Ennis clasped her hands to her mouth, and with good reason. She had taken precisely a quarter of a second off her lifetime best. She had also smashed Tiffany Porter's British record, which stood at 12.68sec.

Her time would have been good enough to win individual 100m hurdles gold at every Olympic Games bar Seoul in 1988 and Athens in 2004. "That's crazy, so crazy," Ennis said, her face beaming. "I'm so shocked. I can't believe it to be honest. I really can't."

It was a truly breathtaking performance – the fastest ever 100m hurdles time recorded in a heptathlon, eclipsing the 12.62sec set by Eunice Barber of France in 2005. Jackie Joyner-Kersee, by a distance the finest all-round female athlete of all-time, clocked 12.69sec en route to her heptathlon world record score at the Seoul Olympics in 1988.

It just so happened that Joyner-Kersee was following events in the stadium yesterday. "That was just incredible," the American said.

It was that. It put Ennis joint third in the world rankings this year in the 100m hurdles, the individual event of which she is also entered for at London 2012. "I knew I was in good shape and hurdles has been going well," she said, "but if I'd run 12.80sec or 12.70 sec I would have been over the moon. To run 12.54sec, I just can't believe it."

The reception from the crowd also beggared belief. "It was weird," Ennis reflected. "I'm normally quite nervous before the hurdles but I kind of felt strangely calm. Then, just coming out into the stadium, and hearing the crowd, it was such an amazing feeling. It gave me goosebumps.

"Training has been going well, but when you're in this environment, with the crowd and the energy, it just all comes together and pushes you on."

It all added up to a mighty statement of intent, giving Ennis a huge advantage over her principal rivals, both materially – in terms of points – and psychologically.

The high jump ought to have been another major gain for the pride of the City of Sheffield Athletics Club – she is joint holder of the British record, 1.95m – but she has struggled to hit the heights, let alone find consistency, for some time now. It was the same yesterday.

Ennis could venture no higher than 1.86m.

There were consolations, though. Ennis had only jumped 1.85m en route to her British record score at Götzis in May. And Dobrynska and Chernova both failed to gain any ground.

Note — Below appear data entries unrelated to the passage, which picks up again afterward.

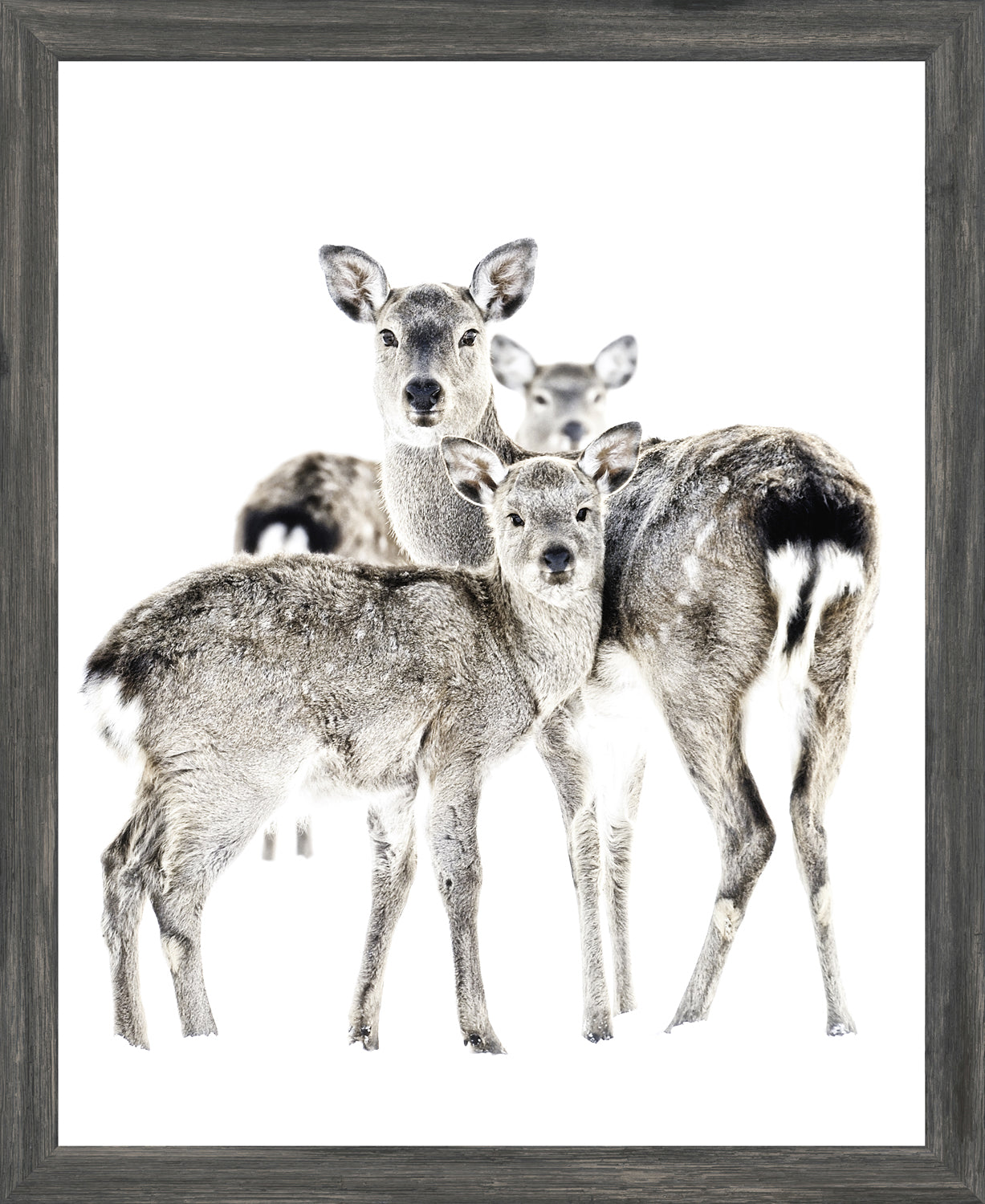 All is still in this beautiful best selling photograph of a mother deer and its two fawns. She is watching, and invites you to sit and enjoy the calm of this woodland scene captured against a pristine white ground.
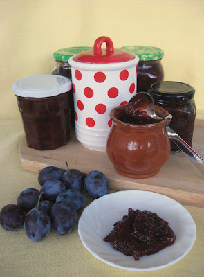 Néhány éve nem tettem el szilvalekvárt. Idén viszont úgy döntöttem, hogy megint készítek, mert tavaly horror áron(1600 Ft/kg) vásároltam mindig a buktába való sűrű, vágható szilvalekvárt. Az pedig tudnivaló, hogy buktába az, az igazi.Hozzávalók, ahogyan készítettem:6 kg besztercei szilva2-3 evőkanál 10%-os ecet2 db nagyobb méretű, magas falú tepsiLényeges, hogy a sütőben készítéshez a nagy szemű szaftos szilva nem jó, mert nagyon soká főne el a leve. A besztercei szilva apró szemű, elég volt kimagozni, széttépni. A tepsiket ecettel kikentem és szétterítettem az elfelezett szilvahúst. A sütőt légkeveréssel működtettem, jól bemelegítettem 200C◦-on. Amikor betettem a két tepsit, 150C◦-ra mérsékeltem. Ezen a hőfokon addig tartottam, amíg felforrt, akkor tovább mérsékeltem 120C◦-ra. Óránként óvatosan megkevertem, hogy egyenletesen „száradjon”. Eleinte kicsi rést, mondjuk hurkapálcikával kitámasztva, érdemes hagyni, mert rengeteg gőz képződik. 3-3,5 óra alatt készült el. Egyébként nem fut ki, nem puffog, semmi veszélyes dolgot nem művel a szilva, csak szép lassan sűrűsödik, hogy végül olyan sűrűvé és édessé váljon mintha üstben főzték volna egy napig. A héten két adagot főztem. Nem kell robotolni, passzírozni, szépen szétfő. Készítettem úgy is, hogy hagytam egy kis levét is, akkor fejre lehet állítani az üveget, hogy legyen vákuum, akár ki lehet dunsztolni. Szerintem nem nagyon van erre szükség, olyan sűrűre főztem, hogy kanállal kellett tunkolgatni az edényekbe. Kár, hogy nincs elég csuprom, mint ez a csinos pöttyös. A befőzött szilvalekvár árával kapcsolatban végeztünk némi számítást. 160 Ft volt kilója a szilvának, a 6 kg ára 960 Ft. A főzés után 2 kg lett a szilvalekvár. Az áramfogyasztással együtt nagyjából 650 Ft-ra jön ki kilója. Nos, úgy tűnik, megéri.
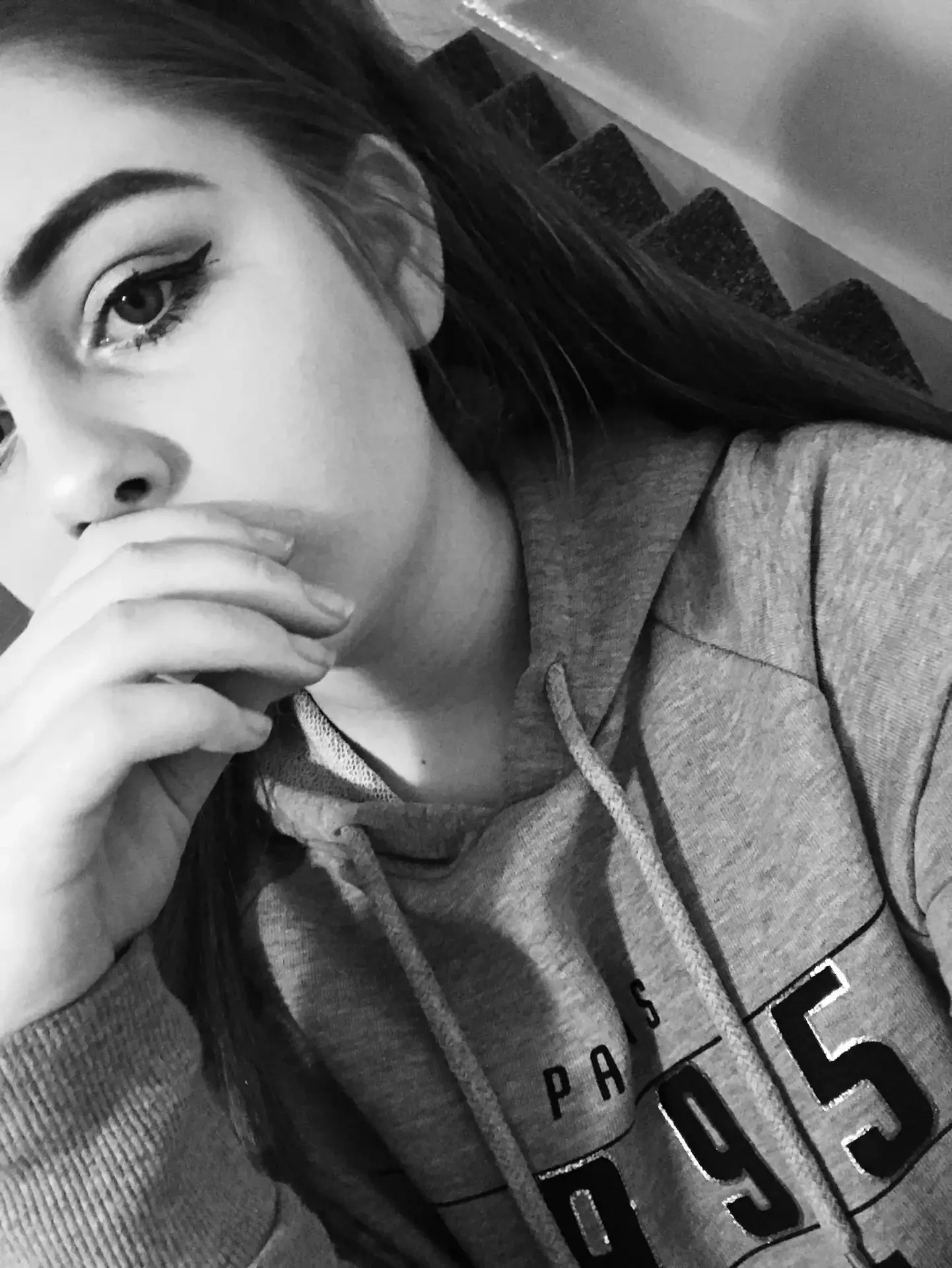 Девушка в толстовке селфи
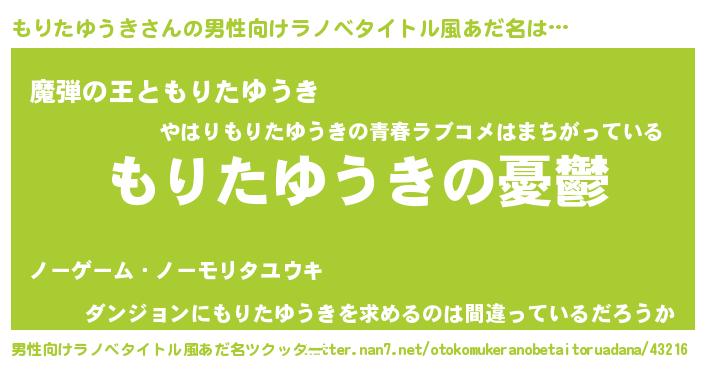 | 女子向けラノベタイトル風あだ名 | 『(仮)もりたゆうきのやんごとなき事情』 |
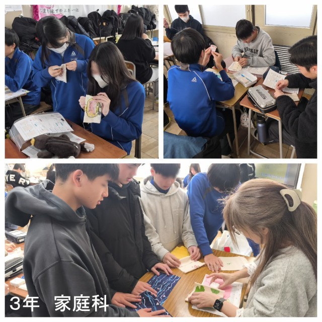 2年生の家庭科では、オリジナル座布団「ほっこりTheぶ~とん」づくりがピークをむかえています。どれもが個性的で力作揃いですね。
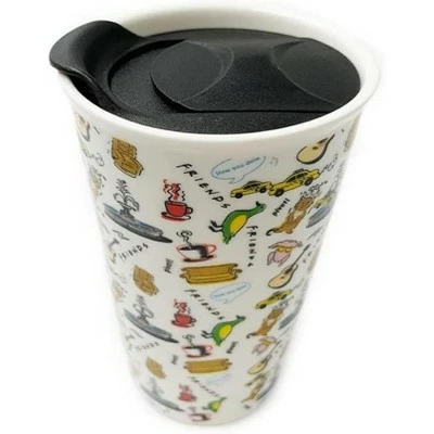 - TRENDY DRINKWARE: Fun travel mug features an all-over design of FRIENDS Doodle icons!
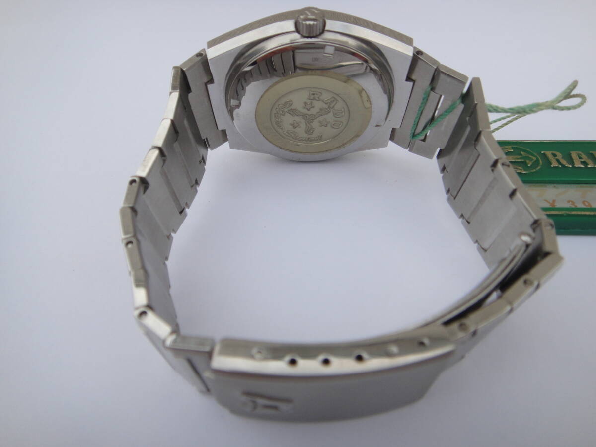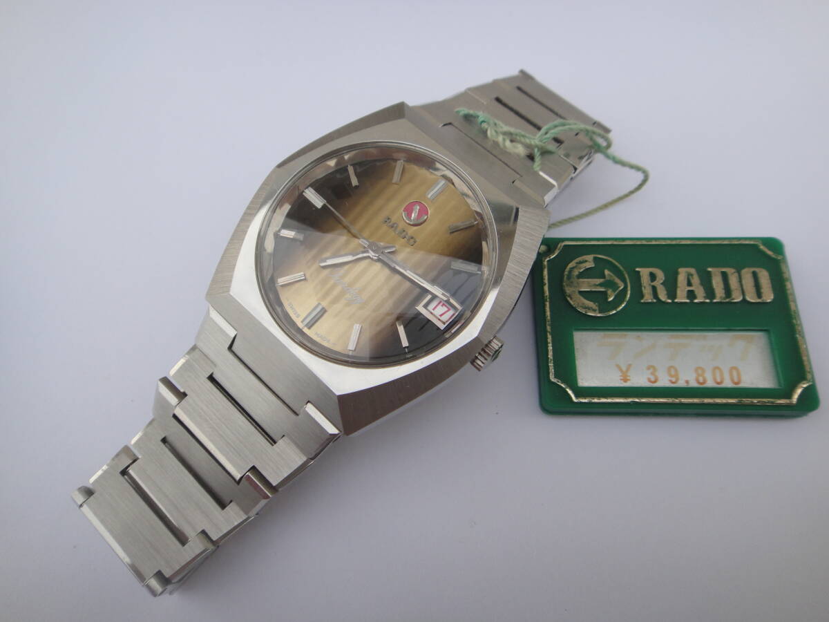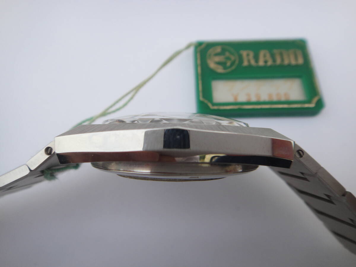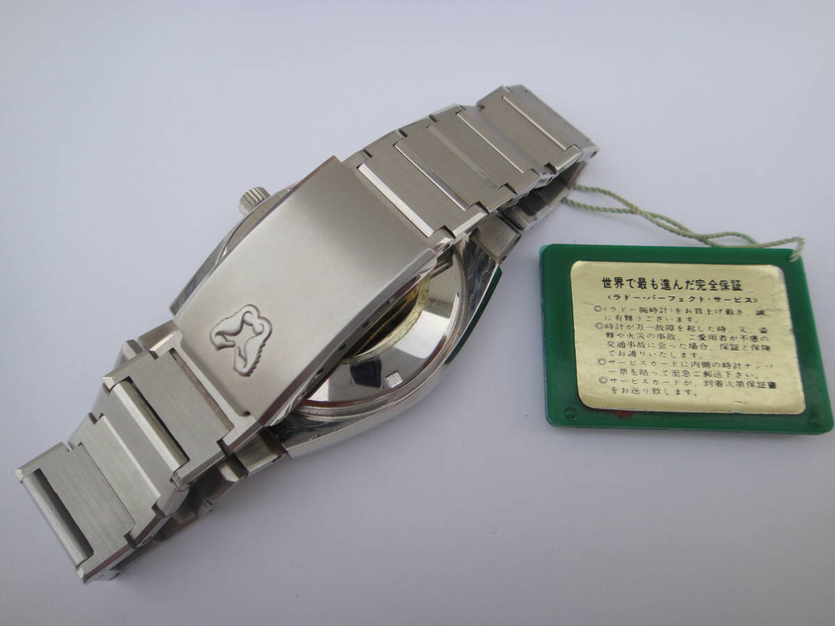 デッドストックで稼働中です。非常に綺麗な状態を保っています。文字板の濃い薄いが綺麗。風防の外側は湾曲してるけど、内側に六角形で何面体かカットされてる。カットガラスのカットエッジ部分が欠けたとかは起こらない。ベルトも時計本体もやや薄目で気に入ってる。ベルト内径17cmでバックルに一コマ残ってる。横幅34ミリの時計です。大切にしてくださる方に。よろしくお願いいたします。

Still, the mild disappointment was compounded in the shot. Ennis has thrown a lifetime best of 14.79m this summer but her best last night was 14.28m. Skujyte, a former shot specialist, produced a 17.31m throw to shoot into the lead, 64 points ahead of Ennis.

It was a different story, though, when it came to the final event of the day, the 200m, just around 9pm. Ennis shot out of her blocks and tore round the bend, battling for victory with the fastest sprinter in the field, the flying young Dutchwoman Dafne Schippers.

The latter was given the nod in a photo finish but both crossed the line in 22.83sec, a personal best for Ennis by 0.05sec.

"To end the day with a PB was brilliant," she reflected. "I think it's a combination of a hard, fast track, obviously it being the Olympics, and having this crowd behind everyone makes all the difference. "

She was not the only Briton smiling. Katarina Johnson-Thompson finished with a 23.73sec clocking, her third personal best of the day.

The 19-year-old Liverpudlian, who lies 14th, has been hailed as "the next Jessica Ennis." By 10pm today she ought to have a golden Olympic act to follow.

Missed vocation?

Jessica Ennis's time of 12.54sec in the 100m hurdles would have won her the individual gold at all but two of the past Olympics.